Future events, including the advent of retail competition within IPL's
service territory, could result in the deregulation of part of IPL's existing
regulated businesses (see "Competition and Industry Changes" in Item 7,
"MANAGEMENT'S DISCUSSION AND ANALYSIS OF FINANCIAL CONDITION AND RESULTS OF
OPERATIONS"). Upon deregulation, adjustments to IPL's accounting records may be
required to eliminate the historical impact of regulatory accounting.

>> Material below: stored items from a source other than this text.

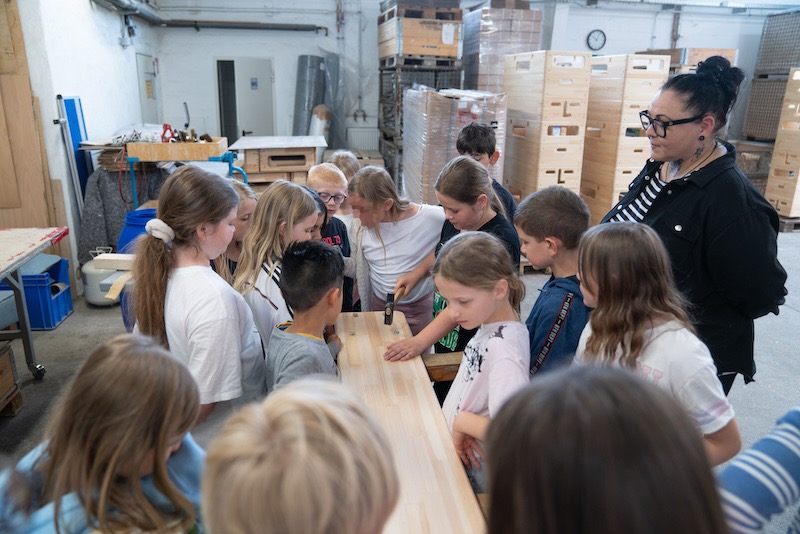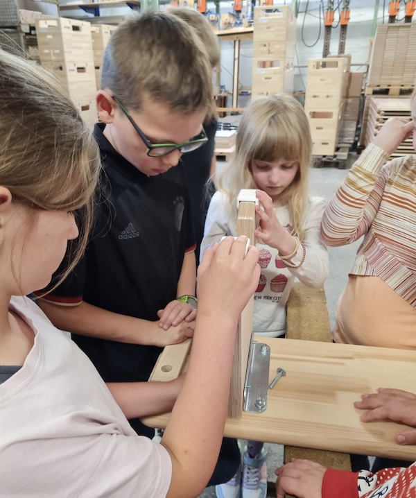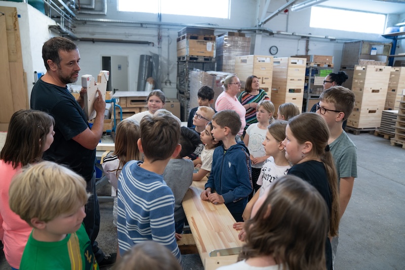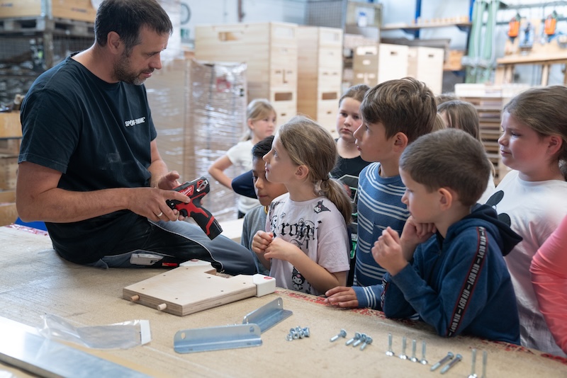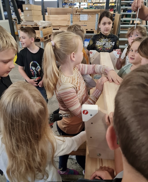 Die dritten Klassen durften auch in diesem Jahr Sport-Thieme einen Besuch abstatten. Wir wurden mit einem leckeren Frühstücksbüffet begrüßt und schauten passend zum Feuerwehr-Thema im Sachunterricht den Feuer-Check mit Checker Can. Gut gestärkt bekamen wir eine Führung mit interessanten Informationen zum Betrieb, die in der Werkstatt endete. Dort durften beide Klassen eine kleine Turnbank bauen und sie anschließend für den Klassenraum mit zur Schule tragen. Herzlichen Dank für die Einladung und den tollen Vormittag!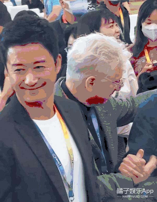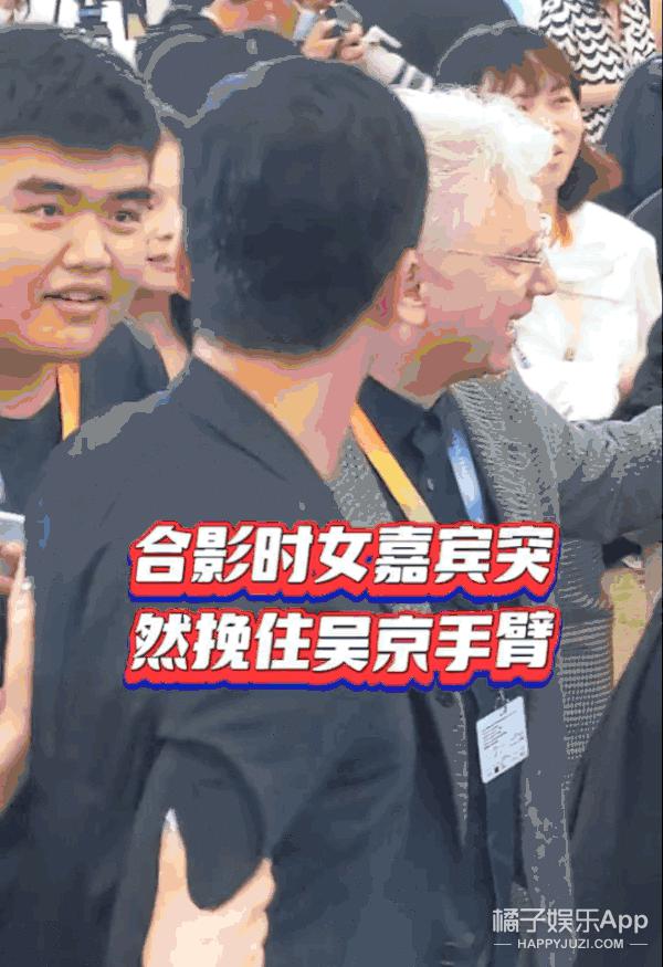 在合影环节,旁边的女嘉宾突然挽住他的手臂,吴京微笑着躲开了。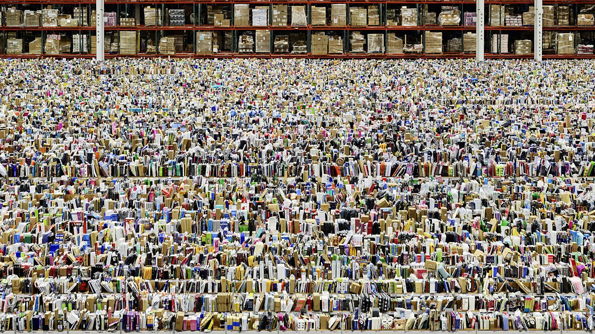 We're standing infront of Amazon, one of the more recent pictures in this exhibition. It's not a photo of the river, but one of the online behemoth's innumerable warehouses. Gursky isn't interested in creating pretty pictures - he photographs the world we really live in.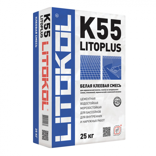 Сухая клеевая смесь на основе белого цемента для укладки стеклянной мозаики, плитки из керамики и натурального камня при внутренних и наружных работах, в том числе в бассейнах и помещениях с повышенной влажностью. Клей LITOPLUS K55 обладает повышенной тиксотропностью, поэтому при облицовке вертикальных поверхностей сползание плитки или мозаики отсутствует. Водо-, морозостойкий. Экологически безопасен, не содержит волокон асбеста. Подходит для облицовки форматом до 120х90 см. Классификация по EN 12004/12002 и по ГОСТ Р 56387 – C2TЕ.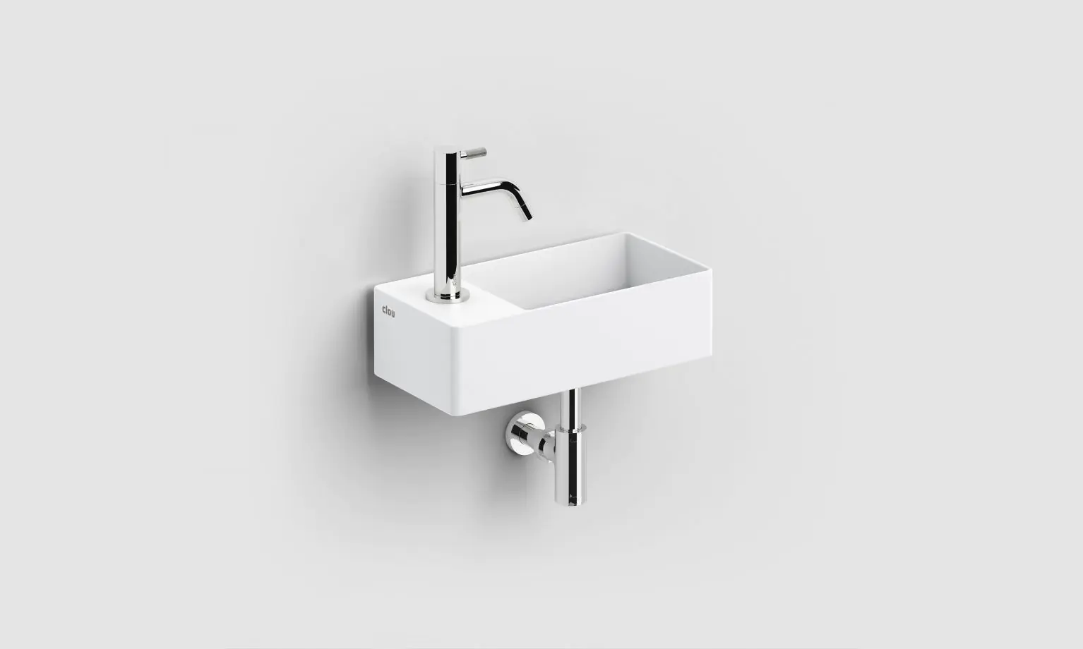 Clou New Flush 3 fontein 35x18cm inclusief afvoerplug voorbewerking voor kraangat links Wit mat
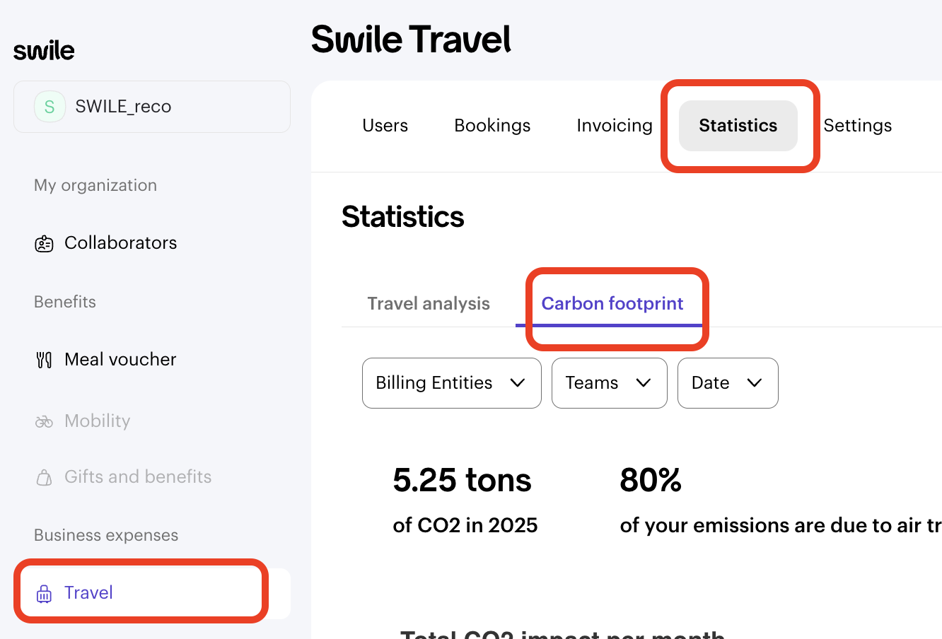 Only a Swile Travel administrator account can access data concerning your organization's carbon impact. This article explains how to find, understand and export them 🚀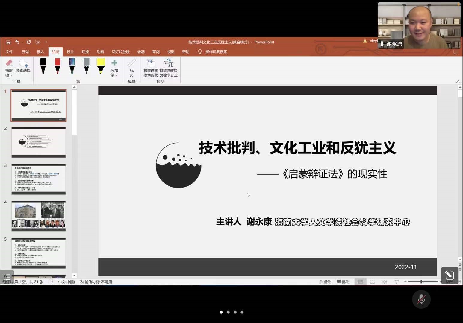 2022年11月16日下午,海南大学人文学院社会科学研究中心谢永康教授应邀为广大师生作题为“技术批判、文化工业和反犹主义:《启蒙辩证法》的现实性”线上学术报告。本次报告由国外马克思主义研究所所长杨栋教授主持。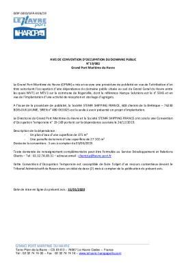 AVIS DE CONVENTION DOCCUPATION DU DOMAINE PUBLIC N°19/082 Grand Port Maritime du Havre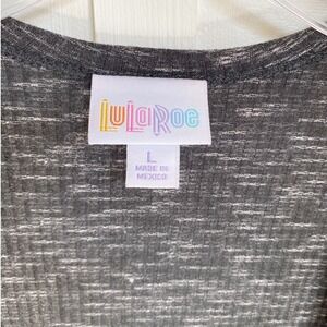 Keywords: LuLaRoe, cardigan, duster, sleeveless, open front, gray, space dye, long cardigan, women's fashion, casual wear, layering, boho, comfortable, size L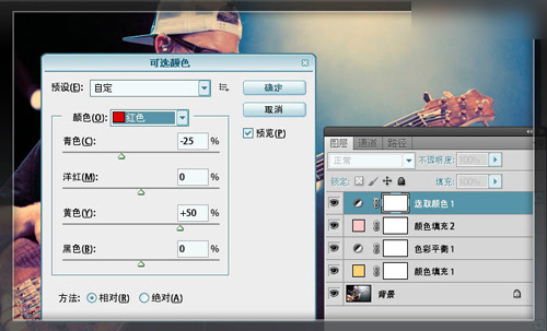 6、新建可选颜色调整图层,对红,黄及中性色调整,参数设置如下图。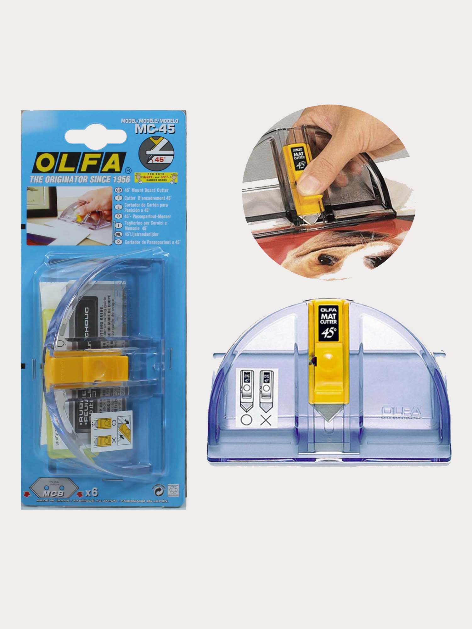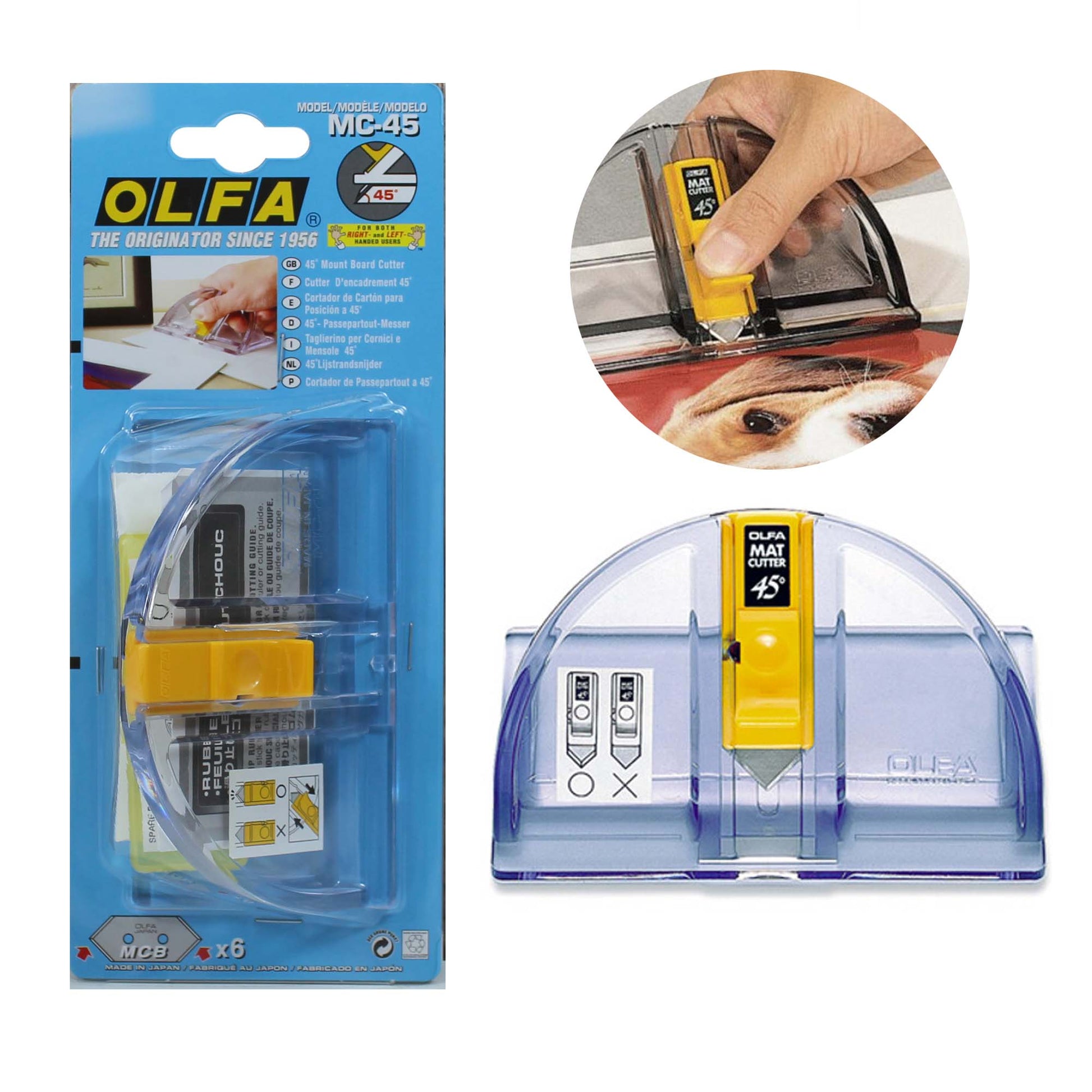 The OLFA Mount Board Cutter (MC-45) is perfect for card making, picture framing, model making, and more, this lightweight and easy-to-carry tool comes pre-installed with 1 blade and includes 5 additional spare blades.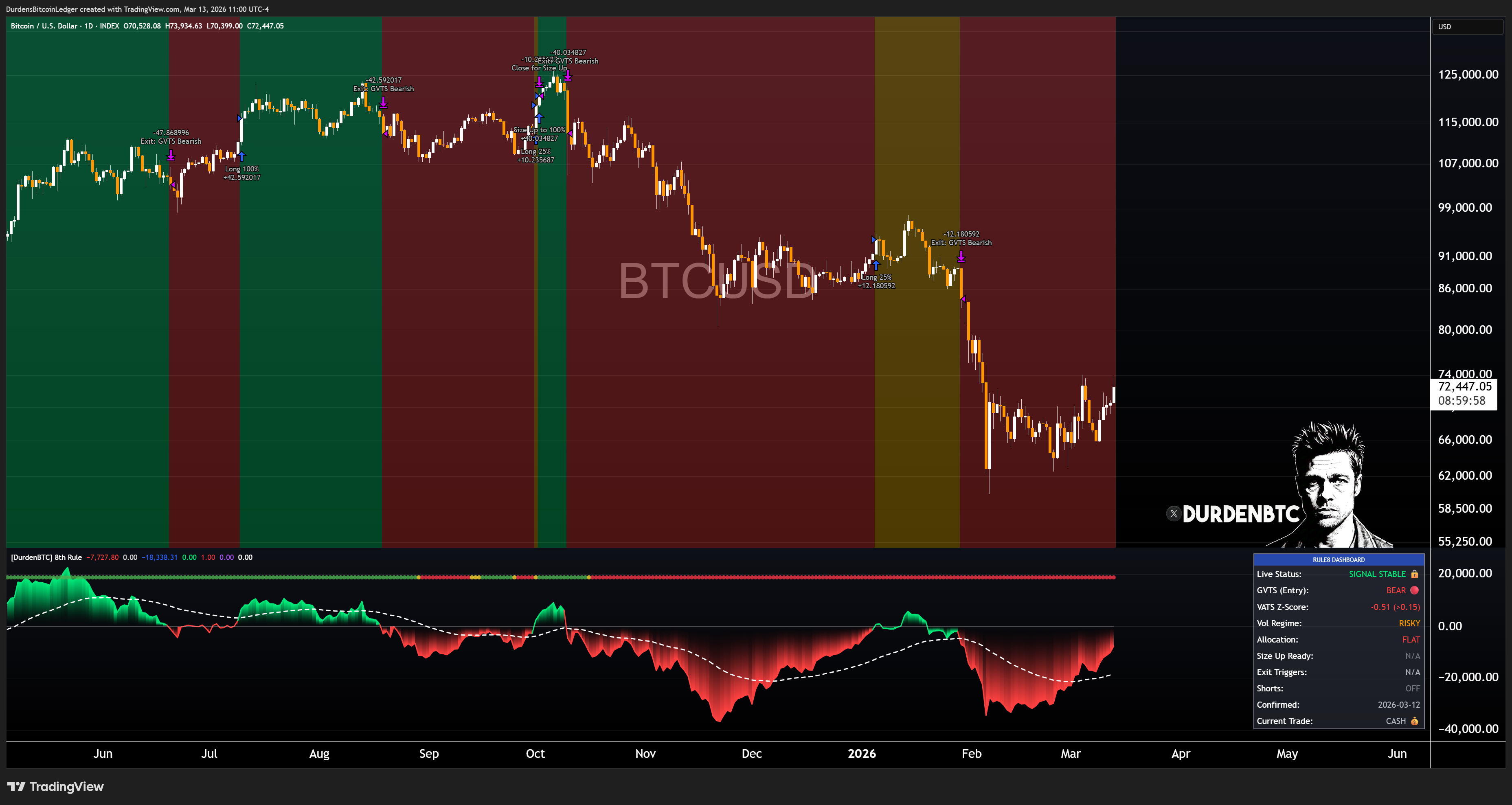 As of Friday morning, BTC is back up to ~$72,500. The 8th Rule hasn’t fired a long signal yet, but the price action is constructive. If it continues and we get a confirmed green, I’ll take the position.. and you’ll get the alert before anyone else.

Such
adjustments, as required by Statement of Financial Accounting Standards No. 101
(SFAS 101), "Regulated Enterprises - Accounting for the Discontinuation of
Application of FASB Statement No. 71," would eliminate the "effects of any
actions of regulators that have been recognized as assets and liabilities...."
Required adjustments could include expensing of any unamortized net regulatory
assets, elimination of certain tax liabilities and a write down of any impaired
utility plant balances. IPL does not expect to be required to adopt SFAS 101 in
the near term.
FUEL
In 1999, approximately 99% of the total kWh produced by IPL were
generated from coal. Natural gas, No. 2 fuel oil and purchased steam combined to
provide the remaining kWh generation. Natural gas is used in IPL's newer
combustion turbines. In addition to use in oil-fired generating units, fuel oil
is used for start up and flame stabilization in coal-fired generating units.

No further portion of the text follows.